The First Department, over an extensive dissenting memorandum by Justice Saxe, reversing Supreme Court, determined plaintiff in a personal injury action was not required to turn over to the defendant post-accident photographs of herself posted on Facebook which she does not intend to introduce at trial, and, further, plaintiff was not required to provide defendant with authorizations allowing Facebook to disclose when private messages were posted by the plaintiff after the accident and how long those messages were:
CPLR 3101(a) provides that “[t]here shall be full disclosure of all matter material and necessary in the prosecution or defense of an action.” In determining whether the information sought is subject to discovery, “[t]he test is one of usefulness and reason” … . ” It is incumbent on the party seeking disclosure to demonstrate that the method of discovery sought will result in the disclosure of relevant evidence or is reasonably calculated to lead to the discovery of information bearing on the claims'” … . Discovery demands are improper if they are based upon ” hypothetical speculations calculated to justify a fishing expedition'” … .

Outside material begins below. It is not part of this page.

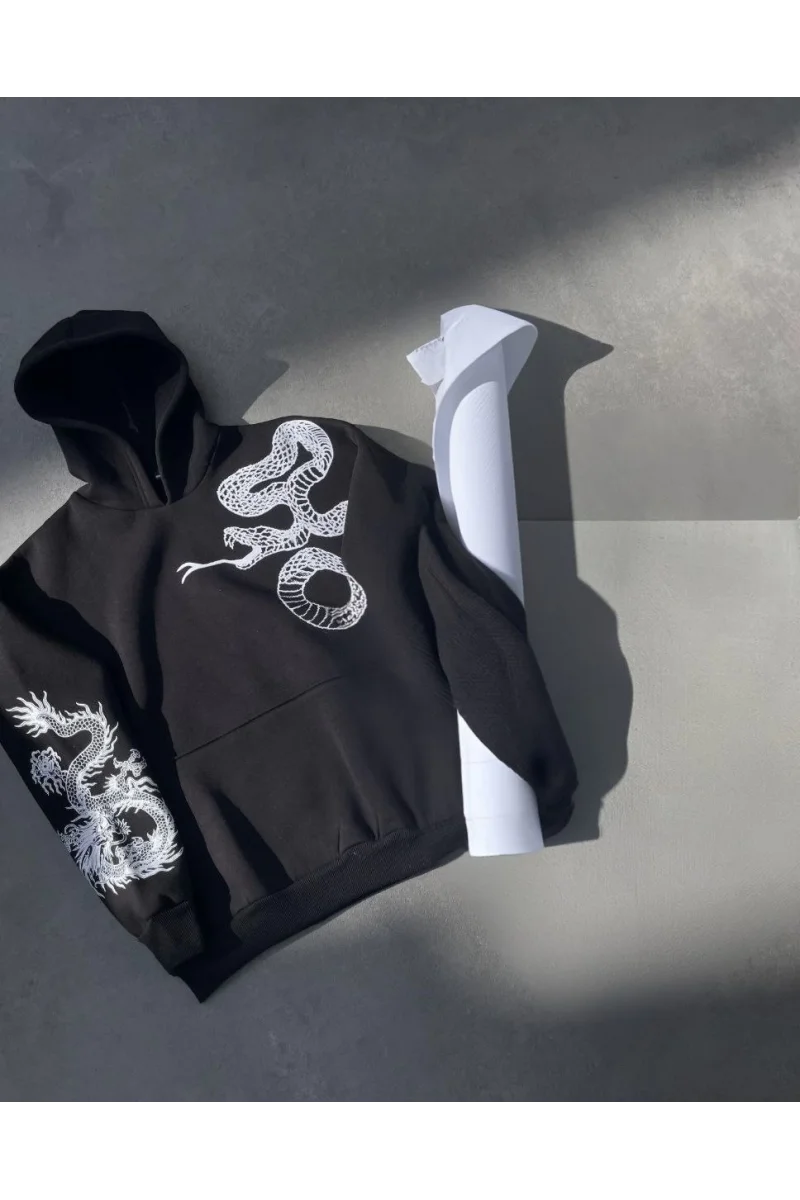 Uzun Kol Kapüşonlu Baskılı SweatShirt - Siyah
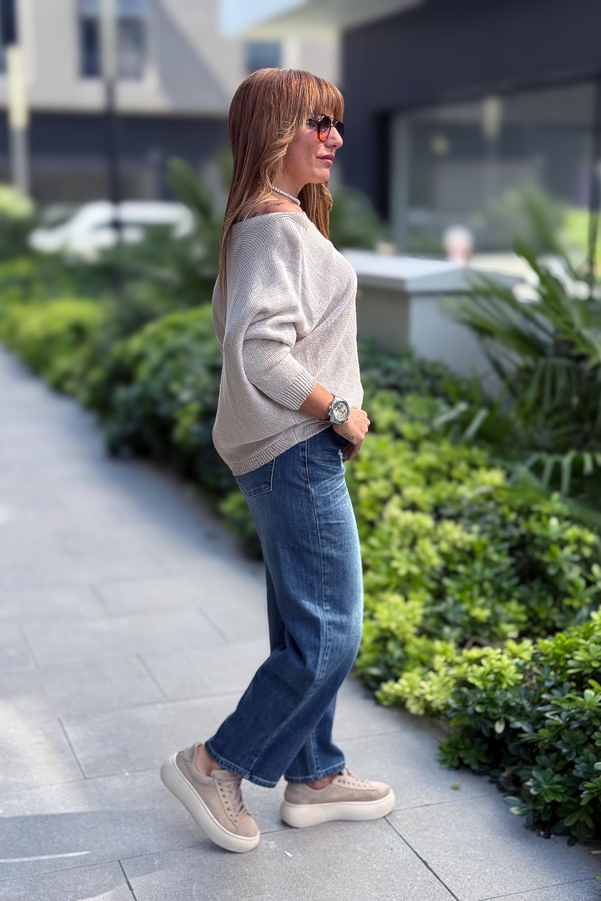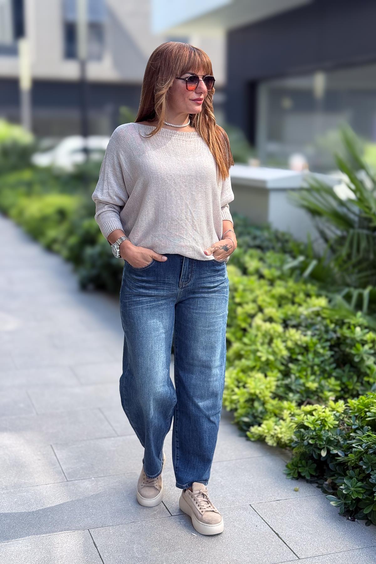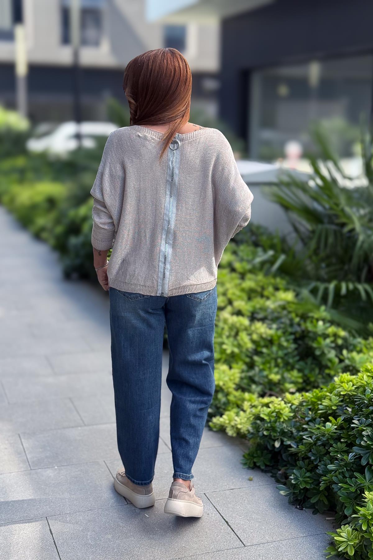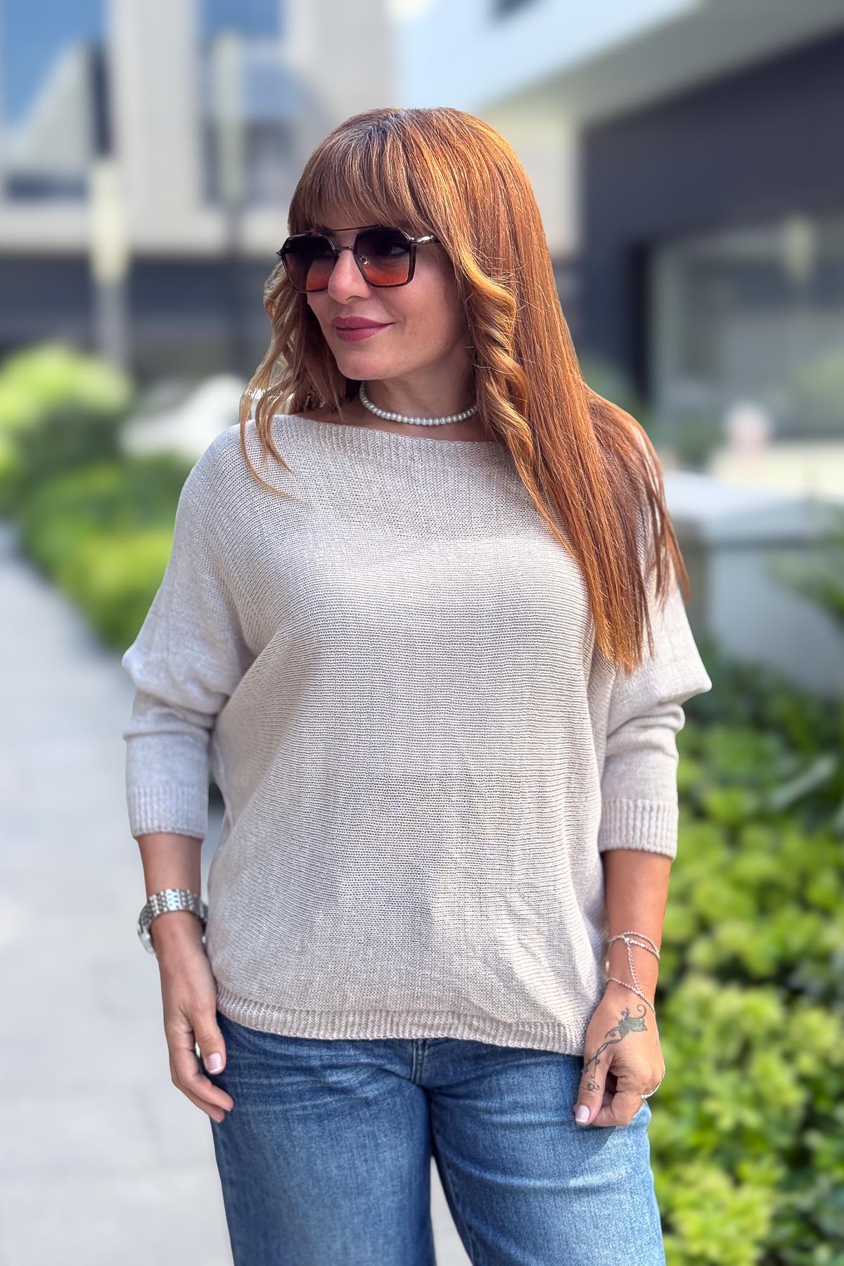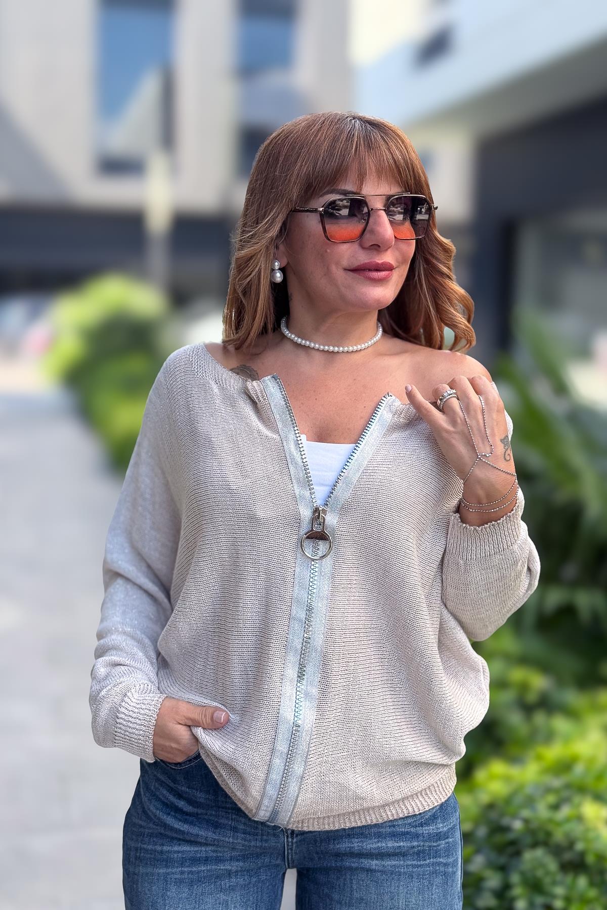 Sırtı Fermuar Detaylı Kayık Yaka Simli Triko Bej Renk

This Court has consistently applied these settled principles in the context of discovery requests seeking a party’s social media information. Forman v Henkin, 2015 NY Slip Op 09350, 1st Dept 12-17-15
MONTHLY COMPILATION INDEX ENTRIES:
CIVIL PROCEDURE (DISCLOSURE OF FACEBOOK PHOTOGRAPHS AND INFORMATION ABOUT POST-ACCIDENT MESSAGES)/DISCLOSURE (FACEBOOK PHOTOGRAPHS AND INFORMATION ABOUT POST-ACCIDENT MESSAGES)/FACEBOOK (DISCLOSURE OF PHOTOGRAPHS AND INFORMATION ABOUT POST-ACCIDENT MESSAGES)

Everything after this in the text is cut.